Excerpt: James Carville's '40 More Years'
Read a chapter from Carville's book on the future of American politics.
May 4, 2009 — -- When President Barack Obama took office in January, Democratic pundit James Carville saw the end of Republican domination in Washington.
In his new book "40 More Years: How the Democrats Will Rule the Next Generation," Carville criticizes the "disastrous" Bush presidency, praises Obama's victory and shares his vision of a very blue future in American politics.
Read an excerpt of the book below and then check out the "GMA" Library for more good reads.
When historians or scientists look back over huge cataclysmic events, they generally find some harbinger that went unnoticed at the time.
There's always a warning. If you're a chaos theorist, it's the flapping of the proverbial butterfly's wings in New York that caused a tsunami in Hong Kong. A meteorologist might think of it in terms of a category five hurricane that began as a low-pressure area off the Cape Verde Islands on the African coast. Historians remember the assassination of the Archduke Ferdinand as the spark for World War I.
When future historians begin to examine the absolutely disastrous events during the term of President Bush, from massive incompetence to blatant falsehoods and the trampling of the Constitution to the savaging of the good name of the United States around the world, they will look for one of these events.
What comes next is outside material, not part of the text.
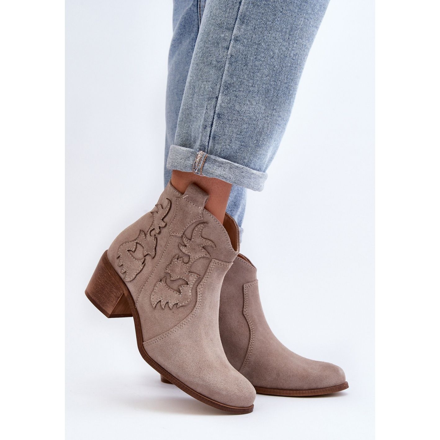 Modelo Botki Zazoo 3426 Cappuccino de etapa em estilo é a escolha perfeita para mulheres que desejam combinar conforto com elegância. Feito de camurça natural de alta qualidade, essas botas bege não são apenas elegantes, mas também duráveis. Seus 12 cm de altura aderem ao tornozelo e manchas decorativas adicionais dão a eles um personagem único.
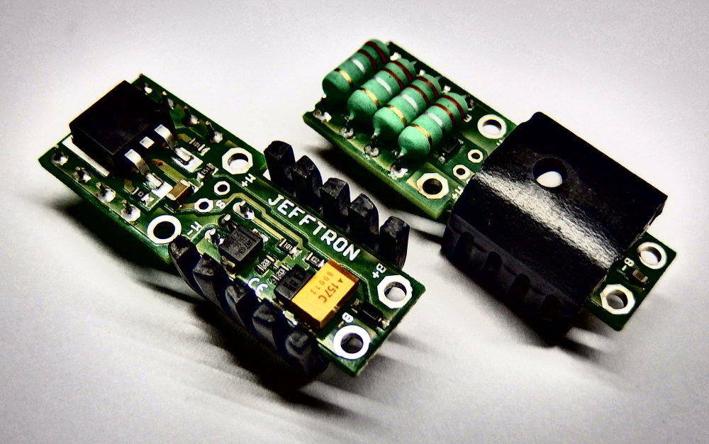 rozdíly oproti normální aktivní brzdě: - Mosfet zvládne špičkové proudy až 400A (klasický mosfet pouze 140A) - Oproti klasickému mosfetu 5x menší odpor při sepnutí = menší zahřívání mosfetu - Masivní chladič, který je na mosfet připájen - Cesty na desce posílené o drátové propojky o průřezu 1,5qmm - více než 2x silnější mosfet zajišťující brždění - 2x více rezistorů změkčující brždění - zvládnou 2x vyšší proudy - předpokládaná výdrž až do pružiny M170 bez omezení - velikost zařízení 51x20x15mm

The stealing of the election of 2000 in Florida is going to be a leading qualifier. But it isn't the one to focus on, for several reasons. (After all, there's really nothing that unusual in people resorting to the courts to try to win an election that they didn't win in the first place.)
Two events occurred within a sixty-day time frame that really set the stage for the current state of America and, more to the point, the sorry state of the Republican Party. The first was a memo written by Matthew Dowd in late November or early December of 2000. At the time, it probably escaped the majority of Republicans' notice, and it was certainly well under the Democratic and national radar.
The exact content and evidence he used is largely unknown. I certainly don't know what exactly was in it, and I don't know of anyone who'd let me borrow a copy as I was writing this book. The best authority on the content of the Matthew Dowd memo that I know of is Thomas Edsall, who wrote about it in Building Red America. Here's Edsall's summary of the momentous memo that sealed the fate of the Republicans in 2008 and beyond:
Dowd analyzed poll data and found that the percentage of voters who could be classified as genuinely "swing" or persuadable voters had shrunk from roughly 24 percent of the electorate, to 6 percent or less. This meant that developing governing and election strategies geared at building up turnout among base votes became much more important than developing governing and election strategies designed to appeal to swing, or middle-of-the-road, voters. Persuading a non-voting conservative, a regular listener to Rush Limbaugh, or a hunter determined to protect gun rights to register and get to the polls became much more important and more cost effective than going after the voter who is having trouble making up his mind as to which candidate to vote for. The result was the adoption of policies designed to please the base (tax cuts for the wealthy, restricting abortion, appointing very conservative judges, opposition to stem cell research) that ran counter to Bush's 2000 claim to be a "uniter, not a divider."